How much do you weigh? What are you going to be doing? Short range fishing or fishing and long paddles?


I went from a T160i, to a Prowler 13", and now to a Ride 135. Its all about what you want to do. I gave up a little speed for a much more comfortable boat.. If I get into a good "speck" spot, I'll sit there for 8-9 hours.
I couldnt go that in either the 160i or the Prowler.


----------



## abu (Nov 28, 2006)

Croaker...thanks for the web site it is really helpful.

5'10 and 185 I think most of my trips would be shorter paddles for now. I could see myself using in bays, flats, ICW and lakes. I don't think I would be taking it out through the surf but I might want that capability in the future.

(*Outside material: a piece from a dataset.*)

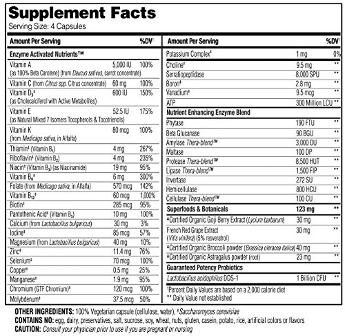 -. Feature : 100% Whole Food Matrix / Hormone Support* - Broccoli seed extract, Folate, Magnesium, Vitamins B6 and E / Bone Health* - Calcium, Magnesium, Vitamin K, and Boron / Heart Health* - Resveratrol, Serratiopeptidase, Vitamins C, B6, B12 and Folate / Brain Health* - Zinc, Vitamin B, Resveratrol, and Goji Berry

I am willing to sacrifice speed for stability and a dry ride. I was reading about the x-factor last night and it seems to be everything I'm looking for but heavy.

Does anyone use the x-factor?

J-Lannon.....How do you like the Ride 135? Is this one I should consider based on the information I listed ablove?

Thanks


----------



## notso (Jul 18, 2005)

I paddle an X factor & really like it. It is the most stable yak out there, & paddles pretty well for it's size/weight. I will warn you though that Malibu has had some quality control issues and thier customer service has been questioned several times. Do a search on kayakfishingstuff and you will see several threads on those issues. If you decide to go with a malibu, make sure you use a reputable dealer that will stand behind what they sell. Some folks have gone thru 2-3 boats before they got a good one (others have had exactly zero problems and love thier boats).


----------



## J_Lannon (Jul 23, 2003)

abu said:


> Croaker...thanks for the web site it is really helpful.
> 
> 5'10 and 185 I think most of my trips would be shorter paddles for now. I could see myself using in bays, flats, ICW and lakes. I don't think I would be taking it out through the surf but I might want that capability in the future.
> 
> ...




First of all, most any SOT is extremely stable. After a hour or so, you will feel like its a chore to tip it over because your balance becomes in tune with what your doing. Yes some SOT's are more stable than others. But unless the boat is really wide like my Ride 135, I cant tell the difference anymore. The stability issue is way over blown, kinda like "wet ride & dry ride".

Yes, I love the RIDE 135, its ultra roomy, with a great seat system. But it is also pretty heavy at 65+ lbs. Dont ask me why a guy with a bad back bought one.: rolleyes:

Dont worry about stability... and dry versus wet ride issues.. Trust me, ...... unless your an absolute Klutz, you will feel stable on most any SOT type kayak after you get some seat time.

Your welcome to try mine out, just leave a 2-3 beer deposit.


----------